Task instructions
Begin with the first line of the entries below. Copy each line exactly, stopping after the one that contains "WaterPiK latest innovation".

Records drawn from a dataset
- - -

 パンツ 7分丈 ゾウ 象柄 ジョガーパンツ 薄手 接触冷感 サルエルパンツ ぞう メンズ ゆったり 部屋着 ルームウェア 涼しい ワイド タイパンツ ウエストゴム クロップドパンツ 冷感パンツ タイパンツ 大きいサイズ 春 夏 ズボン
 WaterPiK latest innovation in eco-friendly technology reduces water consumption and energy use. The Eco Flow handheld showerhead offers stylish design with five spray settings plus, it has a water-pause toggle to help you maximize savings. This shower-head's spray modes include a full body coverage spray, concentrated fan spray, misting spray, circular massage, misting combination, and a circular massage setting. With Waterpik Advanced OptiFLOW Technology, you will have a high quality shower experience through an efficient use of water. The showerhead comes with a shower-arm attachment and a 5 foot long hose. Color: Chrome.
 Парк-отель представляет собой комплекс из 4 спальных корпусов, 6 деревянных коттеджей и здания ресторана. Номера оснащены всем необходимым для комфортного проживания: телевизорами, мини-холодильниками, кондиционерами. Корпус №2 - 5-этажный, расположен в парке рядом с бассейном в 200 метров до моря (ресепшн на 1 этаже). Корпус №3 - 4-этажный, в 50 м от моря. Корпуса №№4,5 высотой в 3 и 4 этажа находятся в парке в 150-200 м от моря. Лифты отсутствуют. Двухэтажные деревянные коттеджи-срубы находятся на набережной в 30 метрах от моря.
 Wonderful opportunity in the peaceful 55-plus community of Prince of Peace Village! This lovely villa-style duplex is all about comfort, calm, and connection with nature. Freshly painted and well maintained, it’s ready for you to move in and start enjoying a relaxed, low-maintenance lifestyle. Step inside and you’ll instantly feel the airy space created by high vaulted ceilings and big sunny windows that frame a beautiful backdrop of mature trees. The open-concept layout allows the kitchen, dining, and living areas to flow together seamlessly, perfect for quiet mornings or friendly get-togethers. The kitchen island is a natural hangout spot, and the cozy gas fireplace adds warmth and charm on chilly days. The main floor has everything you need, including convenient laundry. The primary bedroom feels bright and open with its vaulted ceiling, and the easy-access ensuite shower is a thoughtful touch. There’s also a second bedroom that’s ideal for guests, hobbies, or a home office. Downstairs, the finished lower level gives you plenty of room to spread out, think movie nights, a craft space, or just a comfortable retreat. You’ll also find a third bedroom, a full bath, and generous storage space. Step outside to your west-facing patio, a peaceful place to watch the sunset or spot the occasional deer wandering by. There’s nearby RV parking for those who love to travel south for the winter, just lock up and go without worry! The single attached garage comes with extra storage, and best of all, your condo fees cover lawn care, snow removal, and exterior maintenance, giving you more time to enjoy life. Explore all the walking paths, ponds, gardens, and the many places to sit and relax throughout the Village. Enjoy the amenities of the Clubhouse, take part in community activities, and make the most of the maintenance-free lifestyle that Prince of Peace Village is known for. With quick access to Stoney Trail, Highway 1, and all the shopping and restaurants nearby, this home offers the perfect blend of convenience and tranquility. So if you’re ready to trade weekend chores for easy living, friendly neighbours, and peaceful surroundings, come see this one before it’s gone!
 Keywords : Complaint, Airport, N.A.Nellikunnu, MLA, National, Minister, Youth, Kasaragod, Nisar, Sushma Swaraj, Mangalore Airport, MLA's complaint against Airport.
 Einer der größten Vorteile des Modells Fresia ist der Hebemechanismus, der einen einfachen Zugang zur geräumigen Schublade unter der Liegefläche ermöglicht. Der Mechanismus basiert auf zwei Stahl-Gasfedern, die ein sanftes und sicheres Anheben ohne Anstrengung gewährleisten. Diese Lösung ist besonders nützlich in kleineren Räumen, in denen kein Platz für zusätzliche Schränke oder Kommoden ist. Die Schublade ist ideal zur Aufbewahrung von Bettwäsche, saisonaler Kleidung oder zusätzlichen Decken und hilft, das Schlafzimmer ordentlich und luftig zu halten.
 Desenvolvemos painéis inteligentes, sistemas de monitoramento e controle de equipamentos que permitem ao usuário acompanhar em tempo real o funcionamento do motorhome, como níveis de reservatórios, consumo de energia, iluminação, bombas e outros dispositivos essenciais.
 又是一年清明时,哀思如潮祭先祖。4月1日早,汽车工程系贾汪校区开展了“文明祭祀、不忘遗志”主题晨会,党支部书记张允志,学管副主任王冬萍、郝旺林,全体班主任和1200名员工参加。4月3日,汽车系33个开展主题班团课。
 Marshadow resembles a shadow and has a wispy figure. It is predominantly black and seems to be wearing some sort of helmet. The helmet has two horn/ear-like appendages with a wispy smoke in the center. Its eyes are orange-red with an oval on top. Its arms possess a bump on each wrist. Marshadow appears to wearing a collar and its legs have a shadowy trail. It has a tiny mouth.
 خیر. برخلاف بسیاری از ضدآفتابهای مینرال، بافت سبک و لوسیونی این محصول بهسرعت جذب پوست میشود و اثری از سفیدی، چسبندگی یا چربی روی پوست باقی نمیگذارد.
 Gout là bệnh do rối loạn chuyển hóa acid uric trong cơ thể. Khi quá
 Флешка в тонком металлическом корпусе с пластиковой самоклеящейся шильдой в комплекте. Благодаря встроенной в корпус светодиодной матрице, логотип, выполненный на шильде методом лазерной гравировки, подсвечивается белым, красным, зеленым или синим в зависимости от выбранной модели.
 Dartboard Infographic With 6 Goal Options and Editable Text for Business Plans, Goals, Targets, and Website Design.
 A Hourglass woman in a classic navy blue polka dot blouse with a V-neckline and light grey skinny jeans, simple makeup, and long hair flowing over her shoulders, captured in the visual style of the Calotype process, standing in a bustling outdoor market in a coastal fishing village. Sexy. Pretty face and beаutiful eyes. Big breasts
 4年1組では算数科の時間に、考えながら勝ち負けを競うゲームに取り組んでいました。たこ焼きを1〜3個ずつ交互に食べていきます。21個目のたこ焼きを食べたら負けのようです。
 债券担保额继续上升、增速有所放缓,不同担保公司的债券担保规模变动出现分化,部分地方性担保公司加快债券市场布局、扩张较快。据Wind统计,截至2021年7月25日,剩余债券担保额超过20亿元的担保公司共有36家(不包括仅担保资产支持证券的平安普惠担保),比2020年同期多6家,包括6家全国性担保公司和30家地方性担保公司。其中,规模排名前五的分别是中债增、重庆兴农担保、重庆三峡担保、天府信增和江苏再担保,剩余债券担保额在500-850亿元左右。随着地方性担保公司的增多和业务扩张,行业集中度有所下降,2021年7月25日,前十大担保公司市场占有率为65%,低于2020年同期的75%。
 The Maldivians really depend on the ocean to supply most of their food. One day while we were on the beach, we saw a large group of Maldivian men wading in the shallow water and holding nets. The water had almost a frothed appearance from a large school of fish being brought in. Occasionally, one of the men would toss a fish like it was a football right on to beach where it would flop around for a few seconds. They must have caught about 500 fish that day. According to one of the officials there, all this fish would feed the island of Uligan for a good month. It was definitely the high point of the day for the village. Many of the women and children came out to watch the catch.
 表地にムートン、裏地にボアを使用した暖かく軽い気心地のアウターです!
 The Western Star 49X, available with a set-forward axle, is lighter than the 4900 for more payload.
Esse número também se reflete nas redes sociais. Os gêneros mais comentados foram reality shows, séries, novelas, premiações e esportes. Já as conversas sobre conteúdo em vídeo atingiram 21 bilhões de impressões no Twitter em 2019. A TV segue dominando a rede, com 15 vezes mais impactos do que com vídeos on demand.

- - -

Exercise answer
 パンツ 7分丈 ゾウ 象柄 ジョガーパンツ 薄手 接触冷感 サルエルパンツ ぞう メンズ ゆったり 部屋着 ルームウェア 涼しい ワイド タイパンツ ウエストゴム クロップドパンツ 冷感パンツ タイパンツ 大きいサイズ 春 夏 ズボン
 WaterPiK latest innovation in eco-friendly technology reduces water consumption and energy use. The Eco Flow handheld showerhead offers stylish design with five spray settings plus, it has a water-pause toggle to help you maximize savings. This shower-head's spray modes include a full body coverage spray, concentrated fan spray, misting spray, circular massage, misting combination, and a circular massage setting. With Waterpik Advanced OptiFLOW Technology, you will have a high quality shower experience through an efficient use of water. The showerhead comes with a shower-arm attachment and a 5 foot long hose. Color: Chrome.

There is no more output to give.